Instructions to use niangmariame513/wolof-assistant-qwen3 with libraries, inference providers, notebooks, and local apps. Follow these links to get started.
- Libraries
- PEFT
How to use niangmariame513/wolof-assistant-qwen3 with PEFT:
from peft import PeftModel from transformers import AutoModelForCausalLM base_model = AutoModelForCausalLM.from_pretrained("Qwen/Qwen3-0.6B") model = PeftModel.from_pretrained(base_model, "niangmariame513/wolof-assistant-qwen3") - Notebooks
- Google Colab
- Kaggle
Model Card: Wolof Educational Assistant — LoRA Fine-tuned Qwen3-0.6B
Model Summary
- Base model:
Qwen/Qwen3-0.6B - Adaptation method: LoRA / PEFT
- Target task: Instruction following in Wolof — answering educational questions, language learning assistance, and general Wolof conversation
- Target users: Senegalese learners and speakers who want a digital assistant in their native language; researchers interested in low-resource African language NLP
- Target language/domain: Wolof (Senegambian language, 10+ million speakers)
- Hugging Face model repo: https://huggingface.co/niangmariame513/wolof-assistant-qwen3
- Hugging Face Space: https://huggingface.co/spaces/niangmariame513/wolof-assistant-demo
Intended Use
This model is designed to assist Wolof speakers with basic educational questions and language learning tasks.
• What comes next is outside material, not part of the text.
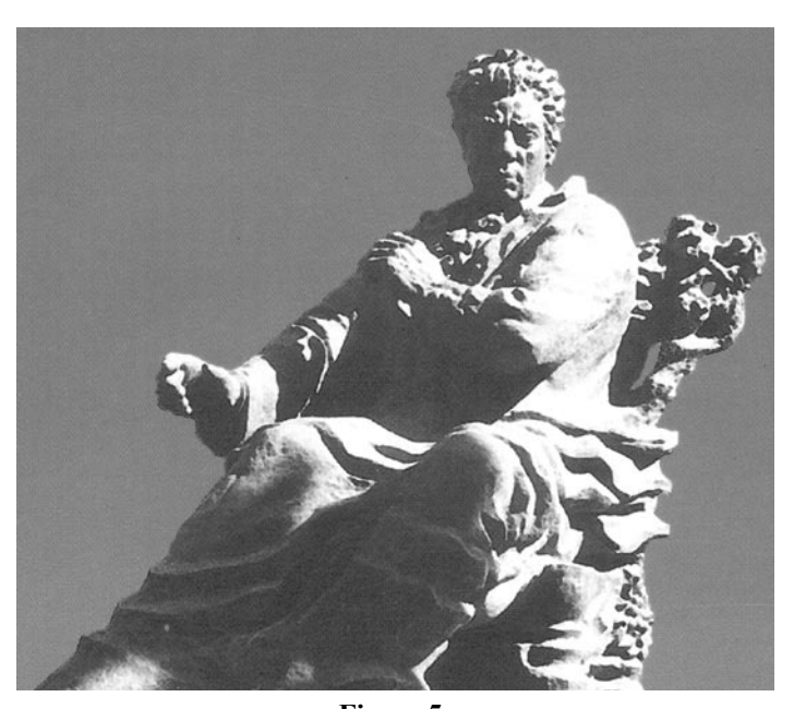
Figure 5 Khachaturyan statue, Yerevan, by Petrossyan.

This seated statue shows a marked similarity to the seated statue of Beethoven in the Beethovenplatz near the Konserthaus in Vienna, created by Casper Clemens von Zumbush and unveiled on May 1, 1880. Both statues show the composers in a thoughtful mood, looking slightly downwards, Beethoven with his head turned to the left, Khachaturyan to the right. Both are wearing long flowing garments with collars and long sleeves, the folds arranged over their knees. Both are on high square pedestals, although that of Beethoven is embellished, that of Khachaturyan unembellished. The 20<sup>th</sup> century Khachaturyan statue is therefore still very much in the 19<sup>th</sup> century tradition of realist statues of composers. (See Steyn 2004:143-54).
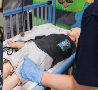
Health and Care Ward

It can:
- Answer simple questions in Wolof about vocabulary, grammar, and culture
- Assist with orthographic correction of Wolof text
- Provide short explanations on topics covered in the training data (greetings, proverbs, daily life, geography of African capitals)
- Serve as a classroom demonstration of low-resource LLM fine-tuning
This adapter is intended for educational and research use only.
Out-of-Scope Use
This model should not be used for:
- Medical, legal, or financial advice in any language
- Tasks requiring factual accuracy about current events (no web access)
- Wolof-to-French or Wolof-to-English translation (translation tasks scored F1=0.00 in evaluation)
- Production applications without additional safety evaluation
- Voice-based interfaces (Wolof is not natively supported by Whisper ASR)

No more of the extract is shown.